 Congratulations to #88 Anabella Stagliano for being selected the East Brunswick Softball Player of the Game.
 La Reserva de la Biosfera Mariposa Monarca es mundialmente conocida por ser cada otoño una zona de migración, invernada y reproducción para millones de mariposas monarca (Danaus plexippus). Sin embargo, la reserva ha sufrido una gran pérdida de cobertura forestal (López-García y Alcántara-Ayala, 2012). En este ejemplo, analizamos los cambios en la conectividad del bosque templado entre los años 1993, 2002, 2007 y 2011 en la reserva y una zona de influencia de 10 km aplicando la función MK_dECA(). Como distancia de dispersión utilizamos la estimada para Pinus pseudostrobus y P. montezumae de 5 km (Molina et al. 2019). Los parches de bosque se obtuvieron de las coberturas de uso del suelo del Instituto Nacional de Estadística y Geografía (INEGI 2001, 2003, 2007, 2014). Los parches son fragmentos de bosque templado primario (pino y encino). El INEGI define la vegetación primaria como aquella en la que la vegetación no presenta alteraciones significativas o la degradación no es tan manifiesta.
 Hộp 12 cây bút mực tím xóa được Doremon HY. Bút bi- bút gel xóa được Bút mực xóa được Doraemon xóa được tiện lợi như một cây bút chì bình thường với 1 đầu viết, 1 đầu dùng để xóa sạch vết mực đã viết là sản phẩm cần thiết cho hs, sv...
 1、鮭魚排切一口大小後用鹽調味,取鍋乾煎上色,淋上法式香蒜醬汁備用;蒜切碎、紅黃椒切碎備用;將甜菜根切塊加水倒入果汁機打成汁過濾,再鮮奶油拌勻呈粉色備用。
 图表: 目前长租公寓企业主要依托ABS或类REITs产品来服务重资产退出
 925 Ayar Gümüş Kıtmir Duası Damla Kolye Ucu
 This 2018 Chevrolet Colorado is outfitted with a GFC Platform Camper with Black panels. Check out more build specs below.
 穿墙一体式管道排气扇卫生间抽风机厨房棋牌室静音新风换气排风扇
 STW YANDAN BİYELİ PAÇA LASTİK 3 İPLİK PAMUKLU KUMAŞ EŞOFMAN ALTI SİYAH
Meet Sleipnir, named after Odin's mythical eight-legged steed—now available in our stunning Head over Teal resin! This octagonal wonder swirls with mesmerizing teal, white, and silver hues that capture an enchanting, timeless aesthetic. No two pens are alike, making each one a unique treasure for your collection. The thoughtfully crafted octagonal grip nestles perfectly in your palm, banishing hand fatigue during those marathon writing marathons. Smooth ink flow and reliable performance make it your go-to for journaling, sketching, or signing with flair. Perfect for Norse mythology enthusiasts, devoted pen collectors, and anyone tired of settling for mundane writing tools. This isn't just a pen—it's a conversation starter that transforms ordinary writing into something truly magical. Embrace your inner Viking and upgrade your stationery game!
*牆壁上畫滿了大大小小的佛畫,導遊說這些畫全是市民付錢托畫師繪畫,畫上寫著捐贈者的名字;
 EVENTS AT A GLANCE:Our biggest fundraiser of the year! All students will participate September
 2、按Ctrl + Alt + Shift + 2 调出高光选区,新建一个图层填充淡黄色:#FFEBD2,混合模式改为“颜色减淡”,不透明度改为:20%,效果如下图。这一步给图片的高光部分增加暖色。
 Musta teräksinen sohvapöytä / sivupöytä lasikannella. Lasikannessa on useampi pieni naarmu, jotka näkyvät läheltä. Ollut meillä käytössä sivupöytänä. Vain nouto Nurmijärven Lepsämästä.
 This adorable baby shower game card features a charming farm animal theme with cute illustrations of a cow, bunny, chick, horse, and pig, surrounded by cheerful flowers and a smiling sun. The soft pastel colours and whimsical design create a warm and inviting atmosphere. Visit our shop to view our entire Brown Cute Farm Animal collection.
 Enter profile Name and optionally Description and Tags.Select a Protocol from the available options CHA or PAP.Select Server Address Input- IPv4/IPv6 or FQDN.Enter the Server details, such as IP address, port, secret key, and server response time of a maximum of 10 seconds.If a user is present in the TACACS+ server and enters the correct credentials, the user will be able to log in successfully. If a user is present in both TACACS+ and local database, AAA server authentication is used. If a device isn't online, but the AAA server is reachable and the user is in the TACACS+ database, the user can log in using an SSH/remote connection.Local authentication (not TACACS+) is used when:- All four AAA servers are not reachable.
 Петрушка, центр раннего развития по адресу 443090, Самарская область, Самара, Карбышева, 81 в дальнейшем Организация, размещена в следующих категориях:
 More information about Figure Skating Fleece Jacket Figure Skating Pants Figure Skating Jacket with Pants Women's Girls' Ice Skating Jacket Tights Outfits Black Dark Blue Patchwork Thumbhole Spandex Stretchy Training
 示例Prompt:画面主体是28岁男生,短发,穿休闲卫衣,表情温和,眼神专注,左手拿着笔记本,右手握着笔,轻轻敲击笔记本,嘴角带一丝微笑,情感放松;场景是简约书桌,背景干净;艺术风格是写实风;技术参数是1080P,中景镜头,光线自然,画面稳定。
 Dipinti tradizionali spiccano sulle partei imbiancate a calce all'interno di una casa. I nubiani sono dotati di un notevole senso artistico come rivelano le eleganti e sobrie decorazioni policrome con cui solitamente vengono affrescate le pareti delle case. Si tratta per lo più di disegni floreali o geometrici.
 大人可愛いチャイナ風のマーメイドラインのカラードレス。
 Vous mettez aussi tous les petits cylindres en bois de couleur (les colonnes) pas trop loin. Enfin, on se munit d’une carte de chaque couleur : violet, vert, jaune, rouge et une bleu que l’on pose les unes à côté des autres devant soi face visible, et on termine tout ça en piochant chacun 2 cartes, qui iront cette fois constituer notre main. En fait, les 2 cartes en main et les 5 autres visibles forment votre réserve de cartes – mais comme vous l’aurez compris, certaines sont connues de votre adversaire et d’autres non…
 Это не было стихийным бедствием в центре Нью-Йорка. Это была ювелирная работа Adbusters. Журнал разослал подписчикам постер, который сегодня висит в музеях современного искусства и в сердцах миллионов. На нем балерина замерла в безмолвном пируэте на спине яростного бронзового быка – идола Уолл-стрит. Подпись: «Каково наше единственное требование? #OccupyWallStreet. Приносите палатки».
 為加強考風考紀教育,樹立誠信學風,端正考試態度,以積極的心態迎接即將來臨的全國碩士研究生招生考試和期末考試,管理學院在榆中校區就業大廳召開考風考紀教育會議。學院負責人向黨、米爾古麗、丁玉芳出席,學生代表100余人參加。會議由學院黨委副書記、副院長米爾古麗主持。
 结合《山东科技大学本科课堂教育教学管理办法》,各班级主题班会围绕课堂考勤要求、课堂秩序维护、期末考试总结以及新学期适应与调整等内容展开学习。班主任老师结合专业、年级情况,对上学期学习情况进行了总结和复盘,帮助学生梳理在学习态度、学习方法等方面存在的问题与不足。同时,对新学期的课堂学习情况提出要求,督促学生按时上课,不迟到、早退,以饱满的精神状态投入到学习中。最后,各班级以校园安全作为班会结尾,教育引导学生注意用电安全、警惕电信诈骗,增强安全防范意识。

==========

→ ACTION ITEM: Up to and including the line with "La Reserva de", output every line of the records above exactly, starting from the first; output nothing else.

→ ANSWER BOX:
 Congratulations to #88 Anabella Stagliano for being selected the East Brunswick Softball Player of the Game.
 La Reserva de la Biosfera Mariposa Monarca es mundialmente conocida por ser cada otoño una zona de migración, invernada y reproducción para millones de mariposas monarca (Danaus plexippus). Sin embargo, la reserva ha sufrido una gran pérdida de cobertura forestal (López-García y Alcántara-Ayala, 2012). En este ejemplo, analizamos los cambios en la conectividad del bosque templado entre los años 1993, 2002, 2007 y 2011 en la reserva y una zona de influencia de 10 km aplicando la función MK_dECA(). Como distancia de dispersión utilizamos la estimada para Pinus pseudostrobus y P. montezumae de 5 km (Molina et al. 2019). Los parches de bosque se obtuvieron de las coberturas de uso del suelo del Instituto Nacional de Estadística y Geografía (INEGI 2001, 2003, 2007, 2014). Los parches son fragmentos de bosque templado primario (pino y encino). El INEGI define la vegetación primaria como aquella en la que la vegetación no presenta alteraciones significativas o la degradación no es tan manifiesta.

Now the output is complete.